Linda Grover; worked to note Global Family Day; at 76
WASHINGTON - Linda Grover, 76, who devoted more than 10 years to establishing Jan. 1 as a worldwide day of peace, died last Saturday of uterine and ovarian cancer at the Washington Home and Community Hospices.
Global Family Day, recognized by Congress, the UN General Assembly, and scores of heads of state, encourages people to share meals, pledge nonviolence, and celebrate by ringing a bell or beating a drum on the first day of each year.
“We live by the rhythms of our holidays,’’ she told The Washington Post in 2002. “The quality of our holidays, or the meaning of our holidays, defines our individual cultures. And having no holiday that everyone shares means we’re all out of step.’’
Hence, Global Family Day, which she conceived when her own children, growing up in the 1970s, talked about how all the people in the world would surely come together on the first day of 2000 to live in peace and harmony.

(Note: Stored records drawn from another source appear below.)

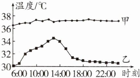 (2) 某健康学生对自己的体温及其生活环境温度进行了一段时间的测量,结果如图所示。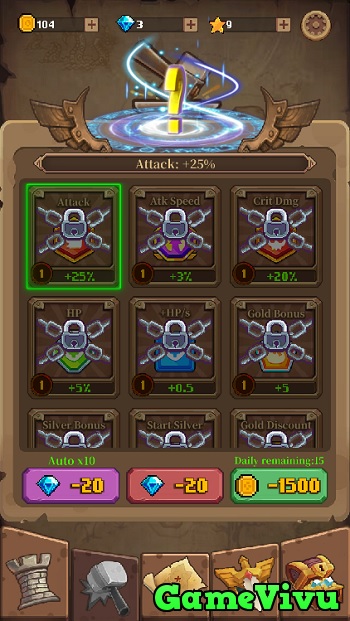 Dùng số tiền bạn kiếm được để nâng cấp sức mạnh cho tòa tháp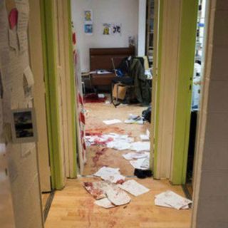 En la imagen, publicada por el diario francés Le Monde, fue tomada desde un pequeño pasillo, donde se pueden apreciar algunos documentos colocados en las paredes, pero también algunos tirados en el piso, desordenados entre manchas de sangre.

Ms. Grover wrote a utopian novel, “Tree Island’’ (1995), on the topic and organized a 1998 meeting in Oregon’s Cascade Mountains of 50 millennium groups. At the same time, schoolchildren around the world began to agitate for a global day of nonviolence and no hunger. A children’s book by Steve Diamond and Robert Silverstein, “One Day in Peace, January 1, 2000,’’ also appeared in 22 languages.
Ms. Grover - whose background included stints as a television soap opera writer, boating magazine founder, and international caseworker - went to work in Washington, where she had once been a legislative aide and subcommittee clerk.
Six members of the House of Representatives, most prominently John Conyers Jr., Democrat of Michigan, and Dennis J. Kucinich, Democrat of Ohio, and six members of the Senate, including Paul D. Wellstone, Democrat of Minnesota, and Harry M. Reid, Democrat of Nevada, joined in 2001 and 2006 to pass a resolution recognizing the day.